Spain braces for heatwave of ‘extraordinary intensity’

 Friday, May 20, 2022 


Temperatures in parts of southern Spain are forecast to exceed 42C on Saturday as a heatwave of “extraordinary intensity” brings dusty skies, a heightened risk of forest fires and blistering conditions more usually seen in high summer than mid-May.

The Spanish government activated its national plan for excess temperatures on Thursday evening after the state meteorological agency warned that Spain was facing “one of the hottest Mays in this country in recent years”.

Aemet, the state meteorological agency, said a mass of hot, dry air is blowing in from Africa, carrying with it dust from the Sahara and “exceptionally high” daily temperatures that are between 10C and 15C above the seasonal average.

The last updates to the meteorological models confirm the extraordinary intensity of this heatwave, said Rubén del Campo, a spokesperson for Aemet.

For Spain as a whole, it could be the most intense May heatwave of the past 20 years in terms of both the maximum and minimum temperatures.

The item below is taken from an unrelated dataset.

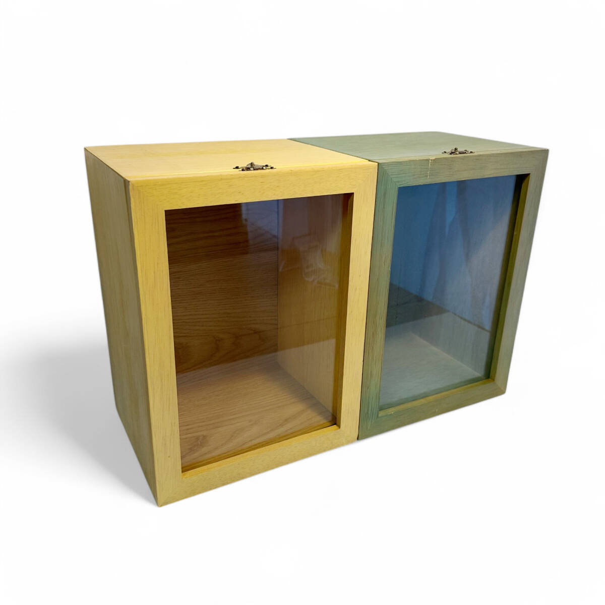 > N2394 フェリシモ 木製 飾り棚 ガラス扉付 ボックス2個セット ピンク/グリーン コレクションケース ディスプレイ
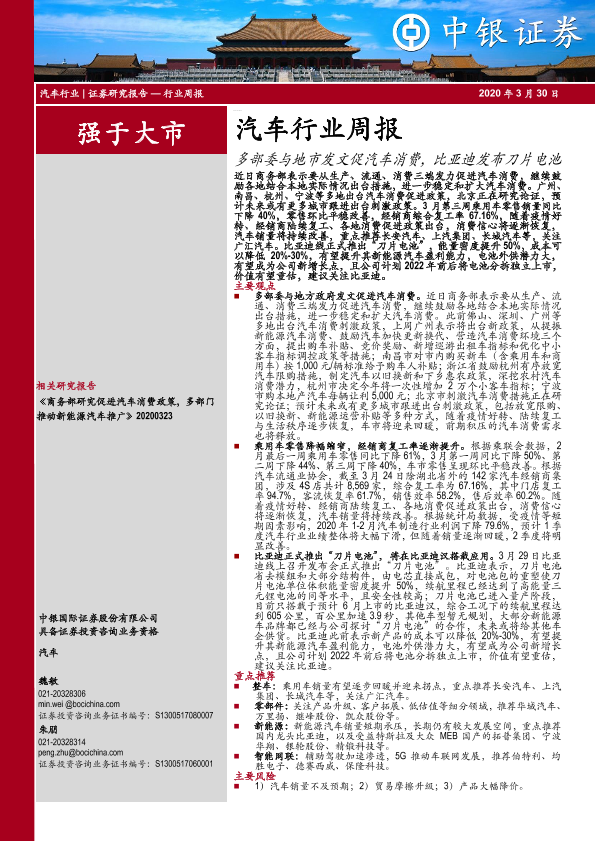 【中银证券】【20200330】20200330-中银证券-汽车行业周报:多部委与地市发文促汽车消费,比亚迪发布刀片电池-19页

Friday and Saturday will be the hottest days in general terms and, although there will be an important drop in temperatures on Sunday across the western third of the peninsula, that could be the hottest day in parts of the eastern side of Spain and in the Balearic islands.

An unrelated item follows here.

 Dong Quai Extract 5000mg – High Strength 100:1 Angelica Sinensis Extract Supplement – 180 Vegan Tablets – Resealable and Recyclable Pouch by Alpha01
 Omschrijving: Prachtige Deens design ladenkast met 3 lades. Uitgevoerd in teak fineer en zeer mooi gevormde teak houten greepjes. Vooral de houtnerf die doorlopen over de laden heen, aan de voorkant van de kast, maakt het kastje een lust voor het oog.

The forecaster said temperatures in Andalucía’s Guadalquivir valley could pass 40C on Friday and exceed 42C the next day.

Even as the heat subsides elsewhere, he added, there could be temperatures of 40C or above in the north-eastern Ebro valley – something unheard of in that area in May.

Spain recorded its highest ever temperature last August, when the mercury in the Andalucían town of Montoro reached 47.4C.

Del Campo reminded people of the “extreme risk” of forest fires in southern, central and north-eastern areas, and also told them to expect another orange calima dust cloud.

This will be an extreme episode and the risk that comes with the high temperatures will be important in many areas, he said.

Another thing to be aware of is dust in the air, which could lead to calimas in the south and east of the peninsula, with murky skies and reduced visibility.

That concentration of dust in the air could increase on Friday and Saturday across the peninsula and the Balearic islands as air comes in from north Africa carrying the dust from the Sahara. That will again cause a decline in air quality.

The Spanish government advised people to keep hydrated and wear light clothing, adding that a close eye should be kept on children, pregnant women, and older and chronically ill people.

The Saharan dust cloud is also due to blow over the UK, which experienced its hottest day of the year so far on Tuesday when temperatures in the south-east peaked at 27.5C.